3:45pm. I drop off the stop sign at the office. I usually need a bathroom break again. Then I head back to the disaster that is my desk. This is hard for me. I am, by nature, a very organized person. I don't understand people who can live in a continual mess. It clouds the brain. But in teaching, there is very little time to keep your desk organized on a regular basis throughout the day. So, I sit down and try to sort through the chaos. If I took all the time I needed every day, I'd be there for an hour or two. Many times I have stayed for that hour or two. So, after arriving at 6:30am I might leave at 5:30pm or 6:00pm. Some nights I have stayed longer.

I've been coming home at night too tired to think. It's one thing to work ten or eleven hours, but in teaching you are going 100 mph the entire time. At least I do. I can only speak for myself. But after that many hours at that rate of speed, I'm worn out. My brain is fried. My body is too tired to work out. All I want to do is stop. Just for a while. But when I do, I'm a goner. One night about a week ago, I was literally in bed, asleep at 6:45pm. I slept until 5:30am the following morning. This past weekend I slept for 12 hours each night. I am entirely too young for that!
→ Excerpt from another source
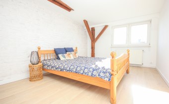 - duża sypialnia z podwójnym łóżkiem i miejscem na szafę

Yesterday I had a conversation with my dad about all this. He taught for years and years. He finally convinced me to let it go and just come home. Give 100% while I am there, which I always do and have done, but when the day is over, leave. Ok, Dad. I listened.

So, today, I showed up about 6:50am. I had just enough time to drop off my purse in my classroom and turn on my computer. I left school at 4:05pm. For the first time in weeks, I came home with energy and actually walked after school. It was only a thirty minute walk, but it was brisk and invigorating. I came home and fixed an incredible salad, took a shower and now am writing....what?? WRITING????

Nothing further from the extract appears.